### Work to complete
Write out the entries exactly. None of the pictures should appear in the copy.

Stored dataset items
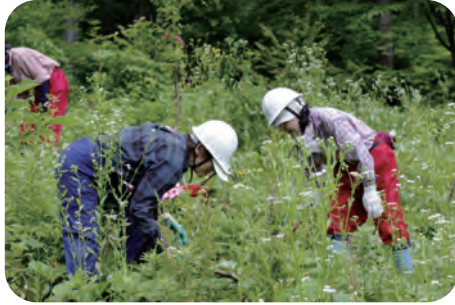
〈植樹地の下草を刈ります〉
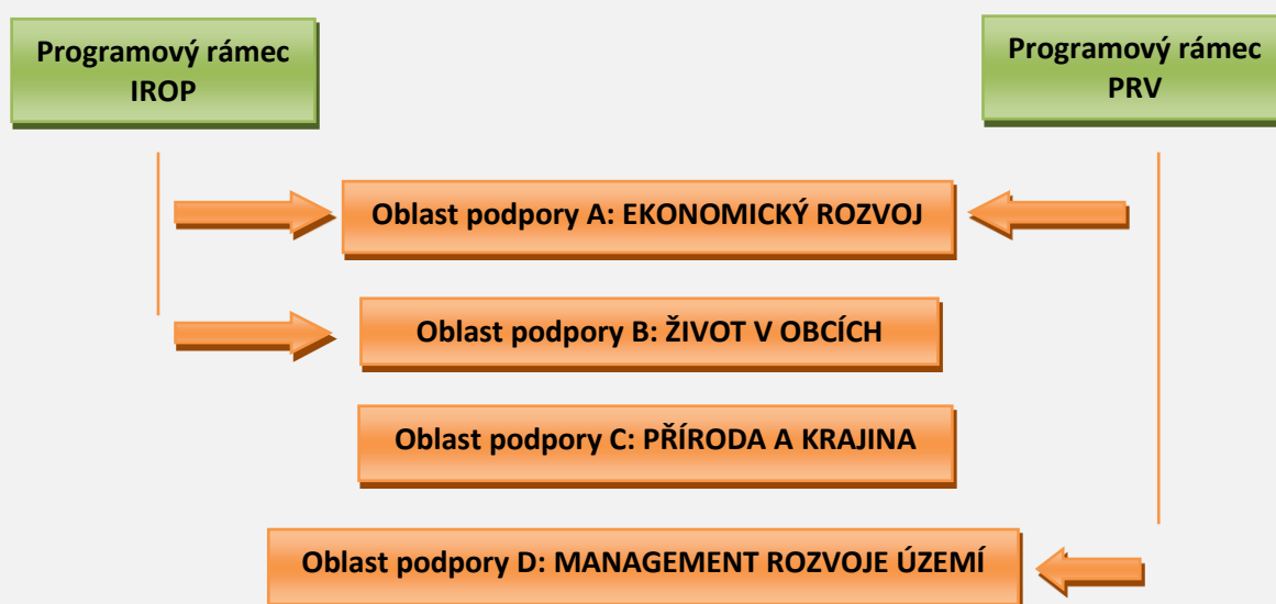
Obr. 1 Přehled programových rámců oblastí podpory SCLLD

Pro každý relevantní operační program pro období 2014 - 2020 podporovaný z Evropských strukturálních a investičních fondů, může být na základě rozhodnutí aktérů v území zpracován samostatný Programový rámec. MAS Střední Vsetínsko, z.s. zpracovala Programový rámec IROP a Programový rámec PRV. Celkem 8 opatření (resp. 5 fichí a 3 opatření) programových rámců naplňuje cíle a opatření Strategie komunitně vedeného místního rozvoje MAS Střední Vsetínsko, z.s. 2014 - 2020 „ Střední Vsetínsko kráčí správným směrem. “ V rámci aktivit SCLLD bude na území MAS realizován také Místní akční plán rozvoje vzdělávání ve správním obvodu obce s rozšířenou působností Vsetín.
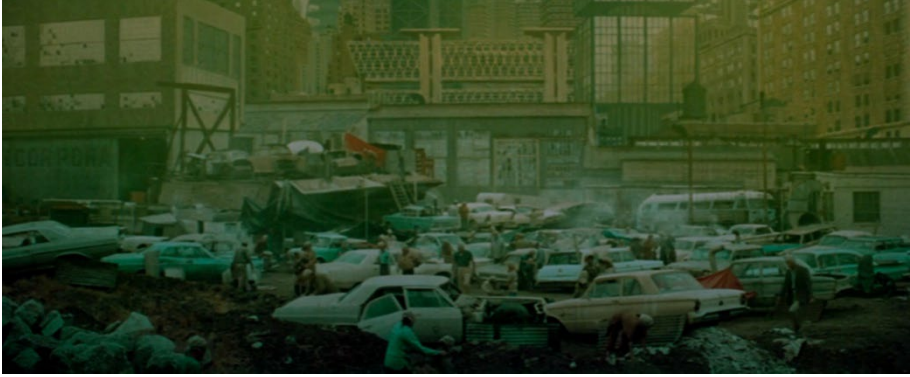
Şekil 3. Şehir görüntüsü, Soylent Green (Fleischer, 1973).

Kentsel çevrenin kelimelere kolayca dökülemeyen bazı temel özellikleri olduğunu söyleyen Lynch (2015), mekân örüntüsünün görünür biçimine dikkat çekmektedir. Lynch (2015), kentin biçiminin insanların kenti kendilerine tutarlı bir şekilde temsil etme becerilerini nasıl etkilediğini araştırmış; açıklık, basitlik ve görünür formun baskınlığı gibi değişkenlerin bazılarının, bir şehir unsurunun akılda kalıcılığını belirlemede ilk başta görüldüğünden daha önemli olduğuna dair kanıtlar ortaya çıkarmıştır. Bu bağlamda kalabalık bir kurguda kent imgesinin ve diğer unsurların geçici olarak bellekte yer alabileceği düşünülebilir. Bu bağlamda, filmin mekânları içinde semtlerin, caddelerin ya da binaların sembolize ettiği göreceli sosyal değerlerin (Şekil 3) yanında insan-çevre etkileşiminde yapıların kişisel kontrolü azaltan kalabalık deneyimlere dahil olması en az insan-insan etkileşimi kadar önemli olmaktadır.

### Answer space
〈植樹地の下草を刈ります〉
Obr. 1 Přehled programových rámců oblastí podpory SCLLD

Pro každý relevantní operační program pro období 2014 - 2020 podporovaný z Evropských strukturálních a investičních fondů, může být na základě rozhodnutí aktérů v území zpracován samostatný Programový rámec. MAS Střední Vsetínsko, z.s. zpracovala Programový rámec IROP a Programový rámec PRV. Celkem 8 opatření (resp. 5 fichí a 3 opatření) programových rámců naplňuje cíle a opatření Strategie komunitně vedeného místního rozvoje MAS Střední Vsetínsko, z.s. 2014 - 2020 „ Střední Vsetínsko kráčí správným směrem. “ V rámci aktivit SCLLD bude na území MAS realizován také Místní akční plán rozvoje vzdělávání ve správním obvodu obce s rozšířenou působností Vsetín.
Şekil 3. Şehir görüntüsü, Soylent Green (Fleischer, 1973).

Kentsel çevrenin kelimelere kolayca dökülemeyen bazı temel özellikleri olduğunu söyleyen Lynch (2015), mekân örüntüsünün görünür biçimine dikkat çekmektedir. Lynch (2015), kentin biçiminin insanların kenti kendilerine tutarlı bir şekilde temsil etme becerilerini nasıl etkilediğini araştırmış; açıklık, basitlik ve görünür formun baskınlığı gibi değişkenlerin bazılarının, bir şehir unsurunun akılda kalıcılığını belirlemede ilk başta görüldüğünden daha önemli olduğuna dair kanıtlar ortaya çıkarmıştır. Bu bağlamda kalabalık bir kurguda kent imgesinin ve diğer unsurların geçici olarak bellekte yer alabileceği düşünülebilir. Bu bağlamda, filmin mekânları içinde semtlerin, caddelerin ya da binaların sembolize ettiği göreceli sosyal değerlerin (Şekil 3) yanında insan-çevre etkileşiminde yapıların kişisel kontrolü azaltan kalabalık deneyimlere dahil olması en az insan-insan etkileşimi kadar önemli olmaktadır.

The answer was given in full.